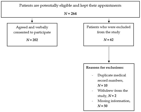 Two-hundred and sixty-four patients who met the inclusion criteria were identified by reviewing their electronic medical records and ensuring that they meet the inclusion criteria. Patients’ health conditions are documented in text under the physicians’ notes. Those patients were selected systematically by selecting every 10th patient from the electronic lists of patients scheduled for regular follow-up appointments with their primary care physicians between October 2018 and March 2021 in E-Sihi database, which is the electronic health system at KKUH. The patients were recruited by three pharmacy interns who were trained to recruit patients by following a standardized protocol specifying every step on how to approach patients, explaining the purpose of the study, and inviting them to participate by asking for their consent prior to inclusion in the study.
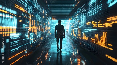 Futuristic Businessman Walks Data-Driven Investment Hallway with Projected Analytics
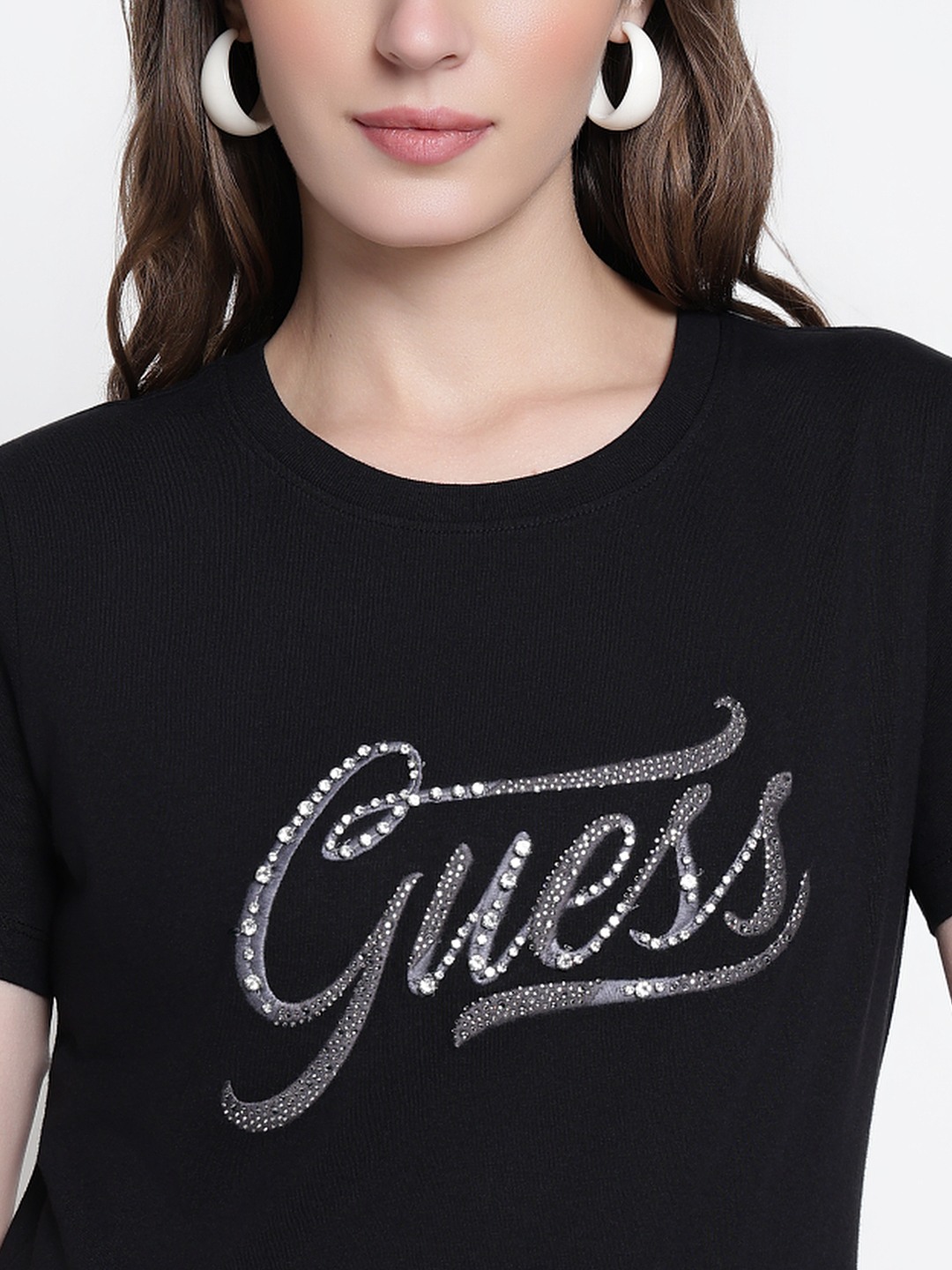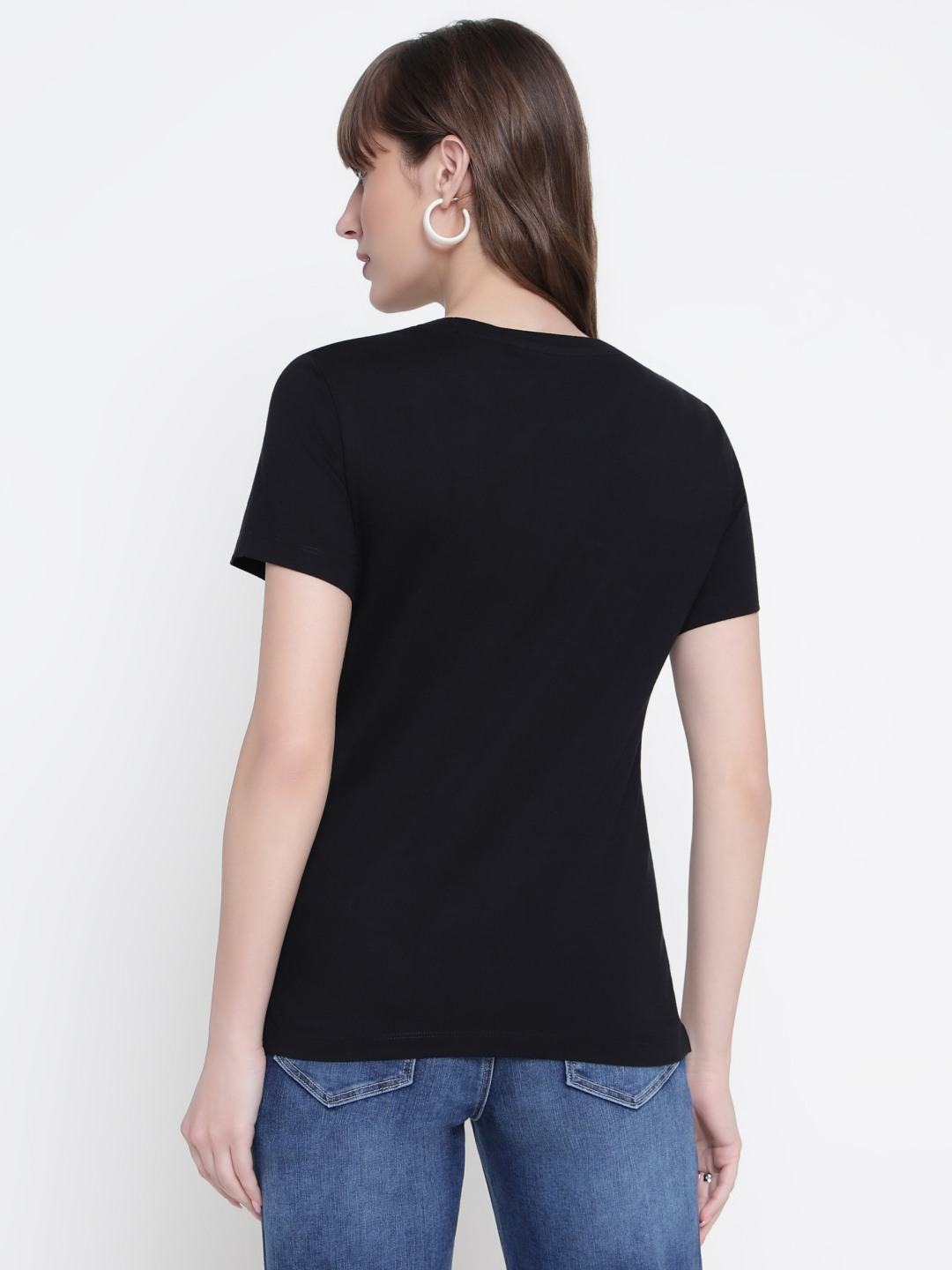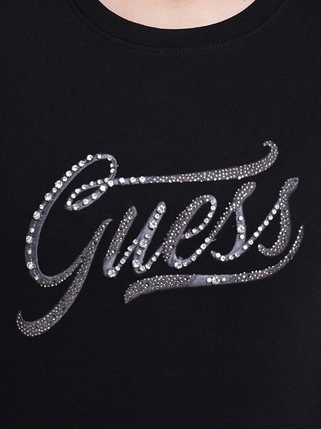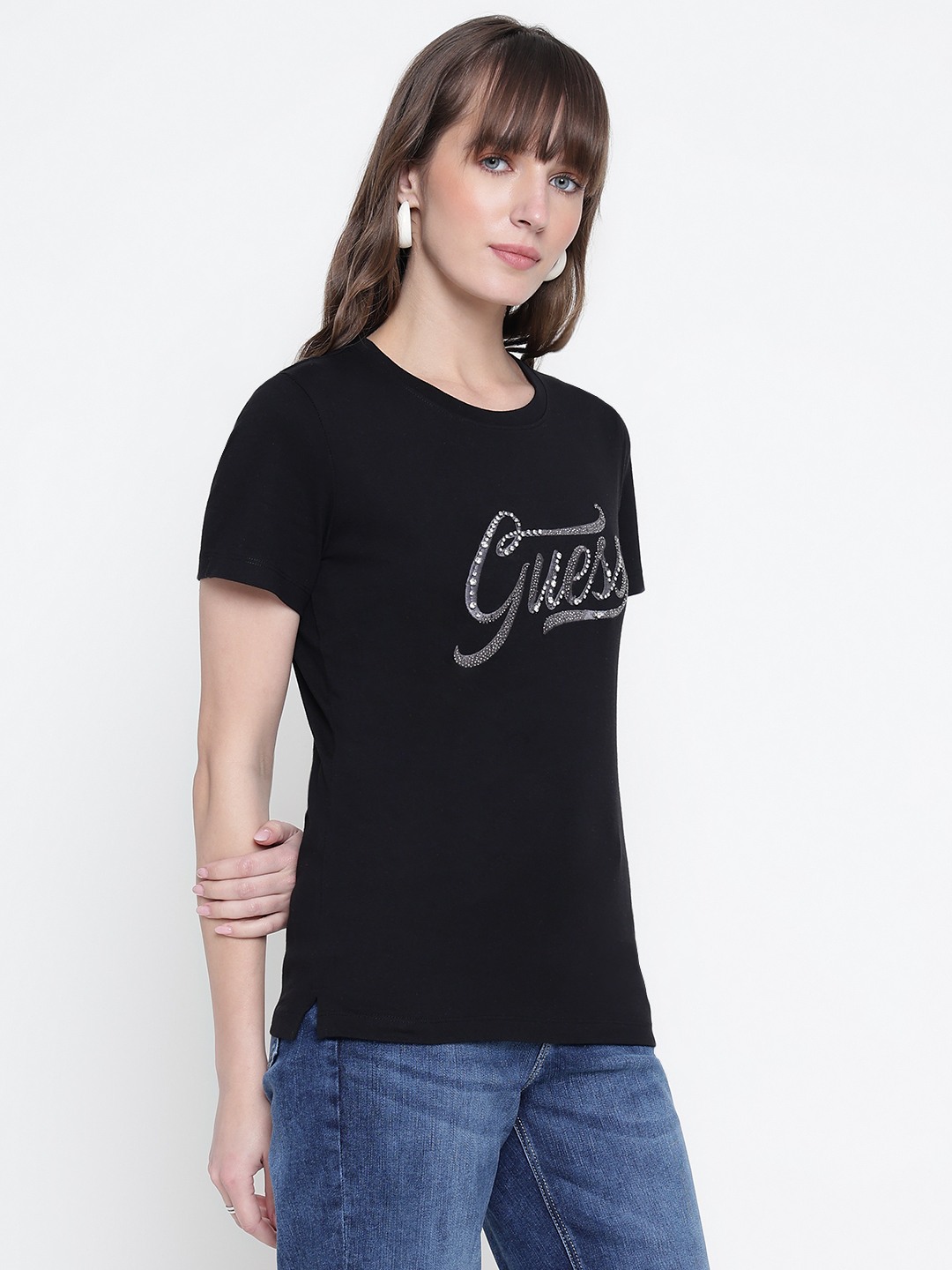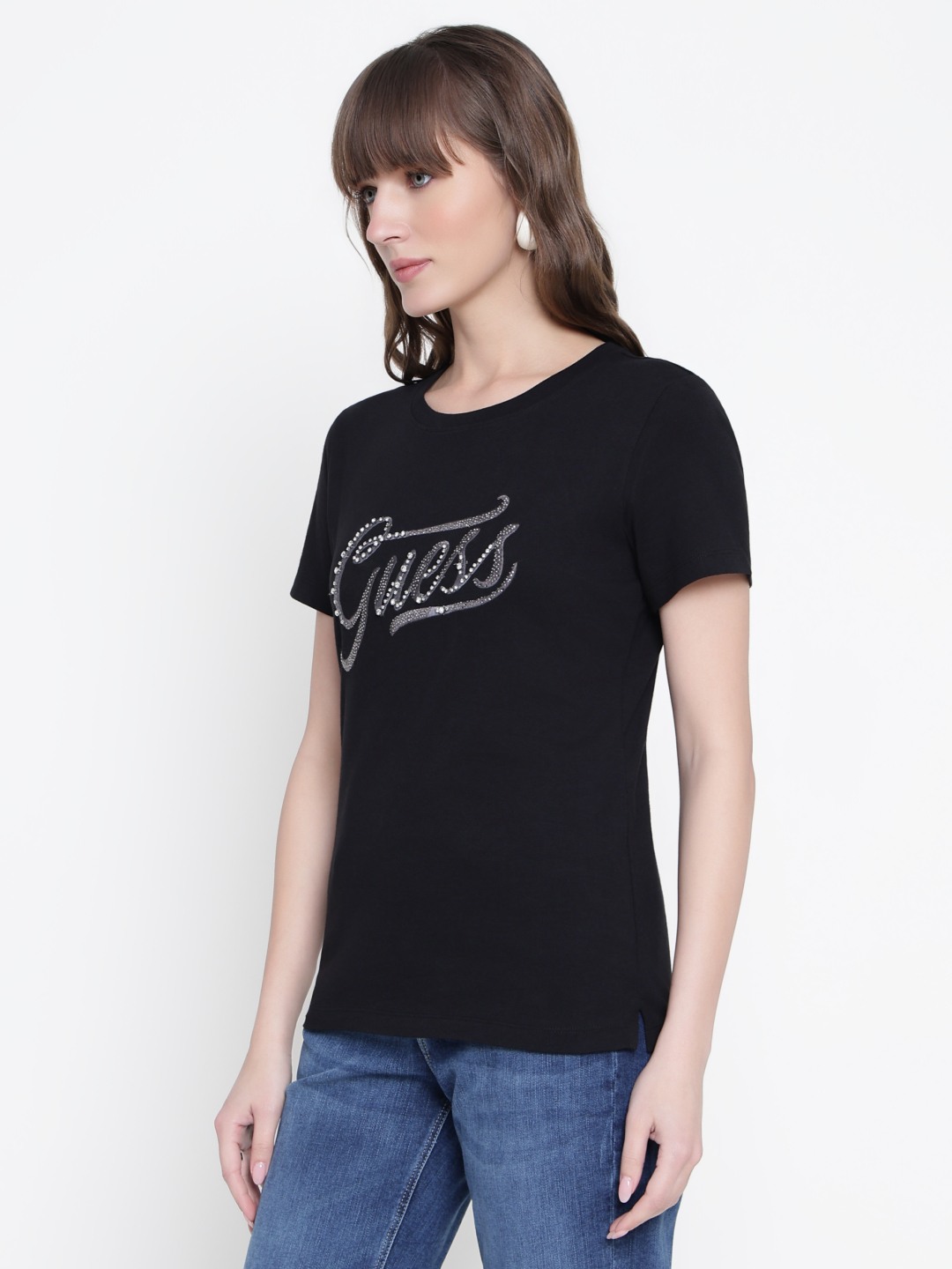 Women Black Embellished Round Neck T-shirt

-------------------------

About this exercise.
Retype the material in full, exactly as written, and exclude the pictures.

Answer section.
 Two-hundred and sixty-four patients who met the inclusion criteria were identified by reviewing their electronic medical records and ensuring that they meet the inclusion criteria. Patients’ health conditions are documented in text under the physicians’ notes. Those patients were selected systematically by selecting every 10th patient from the electronic lists of patients scheduled for regular follow-up appointments with their primary care physicians between October 2018 and March 2021 in E-Sihi database, which is the electronic health system at KKUH. The patients were recruited by three pharmacy interns who were trained to recruit patients by following a standardized protocol specifying every step on how to approach patients, explaining the purpose of the study, and inviting them to participate by asking for their consent prior to inclusion in the study.
 Futuristic Businessman Walks Data-Driven Investment Hallway with Projected Analytics
 Women Black Embellished Round Neck T-shirt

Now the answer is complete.